It has been suggested that the use of rule-base systems can eliminate the potential for error in the first two areas. Potential errors in relation to semantic complexity and the exercise of discretion can also be minimised through the use of appropriate commentary, which codifies relevant policies and rules, as an adjunct to the rule-base system. A rule-base system cannot directly support the making of a judgment in a complex case, but it can automate and control the process used by the decision maker to reach a judgment. It can improve the accuracy and consistency of decision making by facilitating the same interpretation of the rules in each case.
An interview using a rule-base system can help with gathering information from a client; it can determine the facts on which a decision will be based and thus identify what requires proof and then provide the client with a list of the evidence required. Once the necessary evidence has been identified, a rule-base system can be a useful adjunct to the consideration of evidence. It can load the case and begin a tailored evidentiary investigation; it can focus the assessor’s mind on the consideration of each item of evidence, the requirements for that item, and the need for accountability in the consideration of evidence.

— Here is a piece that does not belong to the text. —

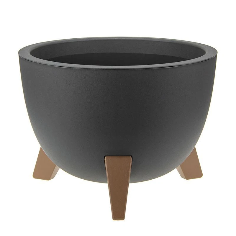 Кашпо со вставкой на ножках имеет круглую форму и матовую поверхность.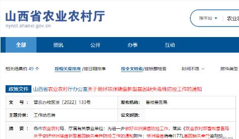 通知表示要落實(shí)《農(nóng)業(yè)農(nóng)村部畜牧獸醫(yī)局關(guān)于做好非洲豬瘟新型基因缺失毒株防控工作的通知》(農(nóng)牧便函〔2022〕438號(hào))要求,防范非洲豬瘟國(guó)外I177L基因缺失疫苗(以下簡(jiǎn)稱(chēng)“基因缺失疫苗”)流入山西省。

However, it ‘… cannot and should not attempt to automate the judgment of the quality of evidence’: this should be the primary task of assessment staff.
The rule-base can also provide a comprehensive record of the consideration of the evidence, as well as the basis for monitoring and auditing.
Comcare advised the Council that an external audit of its decision making was conducted six months after the rule-base system was implemented. The audit focused on accuracy and consistency in decision making and found that there was a 70 per cent improvement in those areas following introduction of the system.
Using a rule-base system promotes consistency in decision making across jurisdictions. The process of developing a rule-base and the accompanying commentary also throws up matters in relation to which an agency’s policy has not been recorded, is limited or does not exist. This prompts the agency to develop policies on those matters and thereby promotes consistency.
‘Workarounds’ and potential manipulation of the system also affect consistency. A ‘workaround’ describes a formal or informal process whereby the rule-base is not followed because, for example, it is out of date or the user does not consider it produces the correct result. This is discussed in greater detail in Section 4.2.
The accuracy and consistency rule-base systems can offer is relevant to the administrative law values of fairness and rationality.
If legislation that the rule-base models is amended or errors in the rule-base are detected, the rule-base needs to be amended quickly.
Rule-base systems can readily accommodate legislative change. They can also show the legislative rules as they were at a particular time in the past, obviating the need for the relevant legislation to be reconstructed by an officer. This is particularly useful with old cases.
If an error is identified in a rule-base, those affected can be identified and the appropriate determination then made. The rule-base can be corrected and officers using it from then on will be relying on an accurate, consistent set of rules. The difference between this and a manual system is that with the latter there is less guarantee that all officers will become aware of the error quickly and modify their practices; there is also no easy way of identifying past erroneous decisions. With the rule-base, there is no need to send memos or circulars advising of a change or error because amending the rule-base performs that function.
What has been the effect of the use of rule-base systems on the accuracy and the consistency of primary decisions?
Can you provide statistics on the accuracy and consistency of primary decisions made before and after implementation of the rule-base system?
Has your agency’s decision-making ability pre- and post-introduction been scrutinised in an external audit like that undergone by Comcare?
Rule-base systems can decrease the time and cost associated with making administrative decisions; this is relevant to the administrative law value of efficiency. At the Department of Veterans’ Affairs, use of the Compensation Claims Processing System enabled the department to substantially improve its performance in finalising primary claims. In 1996 the department evaluated the system’s implementation; the report of the evaluation noted that the average time taken to process primary-level decisions fell from 157 days in 1991–92 to 102 days in 1995–96. (The average time taken to process primary claims fell further, to around 73 days). Between 1991–92 and 1995–96 the average cost per case dropped from $868 to $541.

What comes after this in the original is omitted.